イランがアメリカを始めとする、西側諸国から制裁を受けて、すでに30年以上の歳月が経過している。そのなかで、イランはまるで時代に取り残された国に、なっているように思うかもしれないが、そうではないようだ。
これまで、イランの革命防衛隊は各種兵器の、自主開発について公表してきている。中長距離ミサイルが完成し、イスラエルを直接攻撃できる、と豪語しているし、海軍も高速艇を完成させた、あるいは戦闘艦を完成させた、と写真やビデオで紹介している。
そればかりではない。いま世界の軍事関係者のなかで、話題になっている無人機(ドローン)も、イランは自国で製造したと発表した。これはアメリカが使用していた無人機を、電波操作で破壊せずに着地させ、それを分解して構造を調べ、独自に造ったというのだ。
イラン製の無人機はほとんどアメリカ製と変わらないモデルが、やはり写真で公開されている。この場合、似通ったものを作ることはできるが、その機体の中に組み込まれる各種の機器が、どうなっているかということが、問題であろう。
以前、北朝鮮が製造したとされる、無人機が韓国で発見されたが、そのなかに積み込まれていた各種の機器は、初歩的なものであったと言われている。つまり、直接無人機から地上の映像が送られるのではなく、写真を撮り無人機が発信基地に戻った後で、それが取り出されるということだった。
イランの場合はどうなっているか分からないが、ある程度の機器は積まれているだろう。それは秋葉原などで部品を買えば、出来る部分が多くあるからだ。もちろんそれらの機器は兵器ではないので、持ち出しが可能ということになる。
日本で普通に売られているもので、少し工夫をすれば軍事目的で使える機器は少なくない。ビル内に使われている監視カメラと、それを電波にして送る装置は、皆一般に売られているのだ。
イランが制裁を受けたために、独自に開発しているのは、軍事関連品だけではない。一般の産業用の部品も設備も、イラン独自の技術で製造されるように、なってきている。
石油やガス関連施設の相当部分が、イラン独自の技術によって造られ、修理されるようになっている。もちろんそればかりではなく、核関連の設備もイランが独自に建設したものだ。
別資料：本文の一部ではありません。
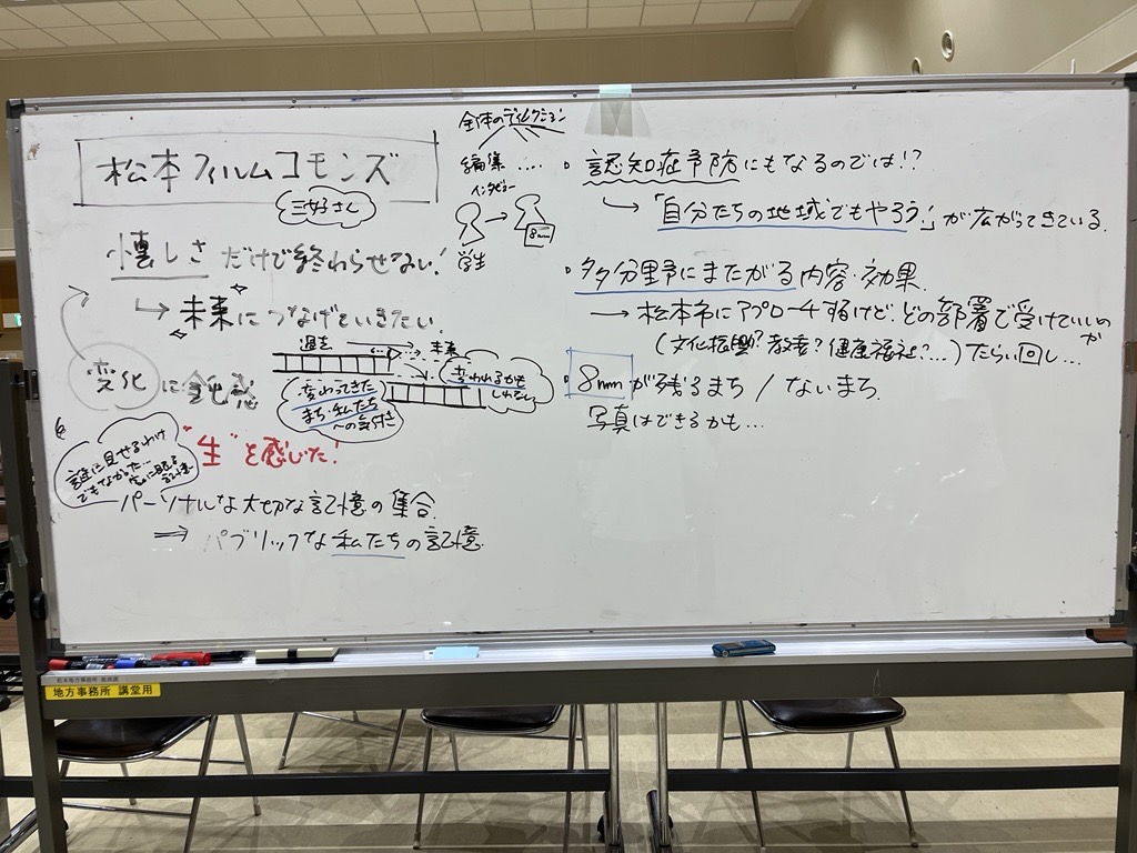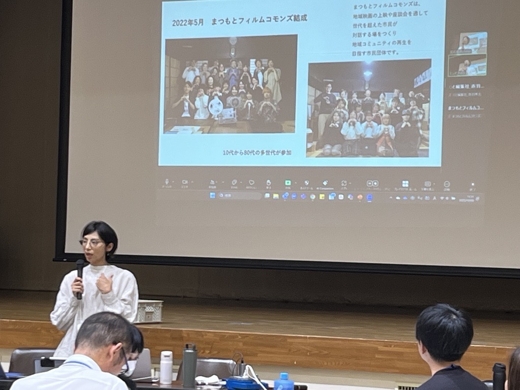 2022年に立ち上がった市民団体、まつもとフィルムコモンズの三好さんから活動を紹介していただきました。松本市内の家庭に残っている8ミリフィルムを集め、再編集して映画にし、公開することで地域のつながりもまた再編集していくという活動です。上映会は座談会とセットで開催し、多世代が対話する場が作られているとのこと。市民はボランティアとしてフィルムの選定や音楽制作なども担当しているそうです。映画製作と上映会、座談会を通して、「映像が未来につながる」「風景が時間軸でつながる」「過去の自分とつながる」「家族がつながる」「多世代がつながる」「地域がつながる」という多様なつながりをもたらしているということが共有されました。
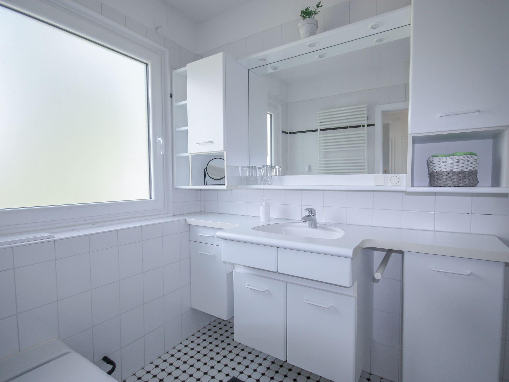 Empfangen werden Sie von einem geräumigen Flur, der über eine Garderobe verfügt. Das helle Tageslichtbadezimmer verfügt über eine Badewanne mit Duschkabine, eine Waschtisch mit praktischen Ablagefächern sowie einem Handtuchheizkörper.
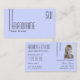 Make a lasting impression with this classic and simple business card design with fine decor stripes, monogram and (employees-) photo on a plain baby blue background.
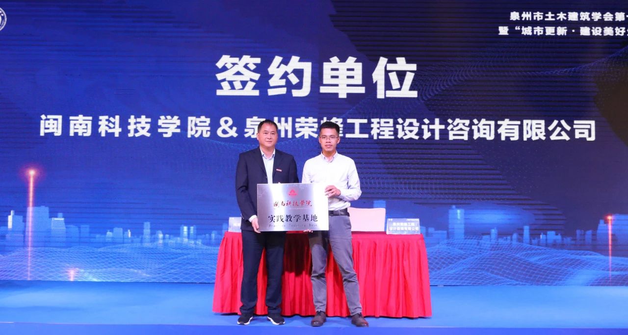 在签约仪式上,泉州市土木建筑学会与福建省国际人才交流协会进行战略合作签约;我校分别与福建省南安市第一建设有限公司、巨匠天工(厦门)建设工程有限公司、北京构力科技有限公司、泉州荣峰工程设计咨询有限公司进行共建实践教学基地签约授牌。
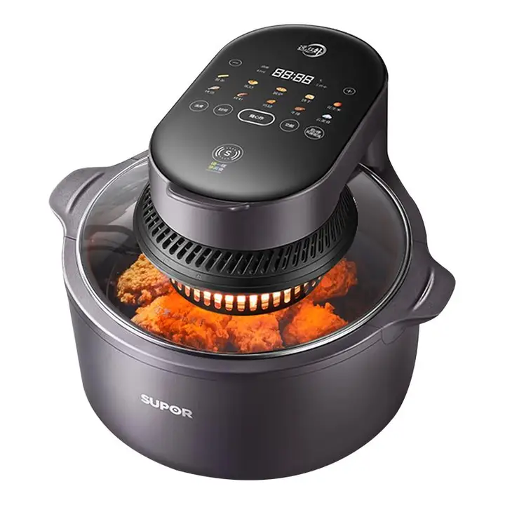 大容量+易操作:6L滿足5-8人需求,12大預設+80-200℃寬溫域,頂部LED觸控屏無需彎腰;中途斷電記憶(15分鐘內有效)。
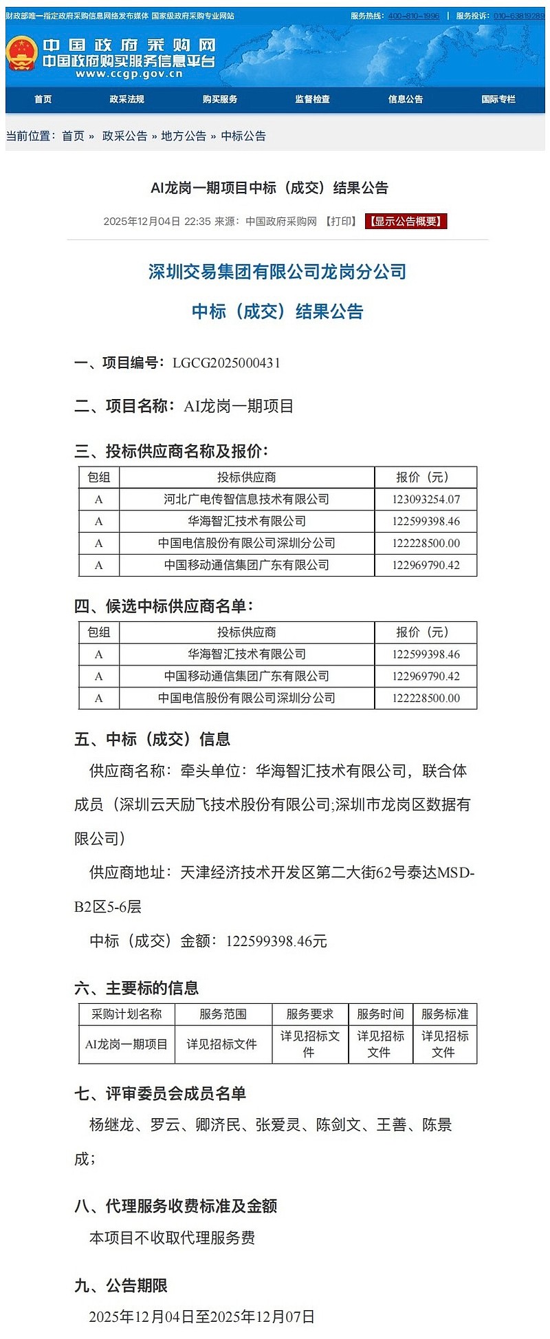 据政府采购网,亨通光电旗下公司华海智汇,于2025年12月4日,中标深圳市龙岗区AI一期项目,中标金额1.23亿,中标结果公示如下:
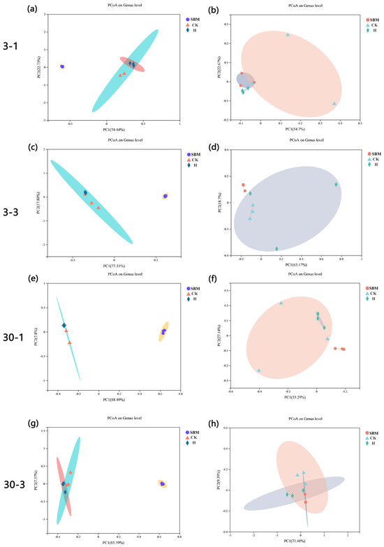 Principal coordinate analysis on genus level of bacterial (a–d) and fungal (e–h) communities among control and treatment groups aerobic exposure for 1 and 3 days after 3 and 30 days fermentation. SBM, soybean meal; CK, the control group (50% SBM + 50% water). H, the treatment group (50% SBM + 39% water + 10% ZZUPF95 (108 CFU/mL) + 1% acid protease). Respectively, 3-1, 30-1, 3-3, and 30-3: aerobic exposure 1 d and 3 d after fermentation at 3 d and 30 d.
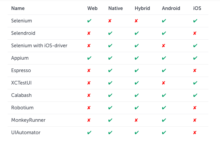 Có rất nhiều công cụ có sẵn để thử nghiệm di động. Họ sử dụng các công nghệ khác nhau để tạo và chạy thử nghiệm. Sự đa dạng của các tính năng được hỗ trợ là tuyệt vời. Các công cụ khác nhau hỗ trợ các hệ điều hành khác nhau, các loại ứng dụng khác nhau, thiết bị thực, trình giả lập và trình giả lập. Một số trong số chúng là open source và một số trong số chúng là thương mại. Một số công cụ chạy trên cloud, một số khác chạy cục bộ. Danh sách này chỉ là tổng quan về một số khung thử nghiệm hiện có và khả năng sử dụng web và Native app của chúng.

日本が制裁を受けた場合も、技術レベルは飛躍的に発展し、世界的に知られることになったゼロ戦が完成している。それに続きジェット・エンジンの戦闘機も、既に完成していたし、原爆もほぼ製造可能な段階に入っていた。つまり、制裁はその制裁を受ける国の技術レベルを、飛躍的に向上させる効果もあるということだ。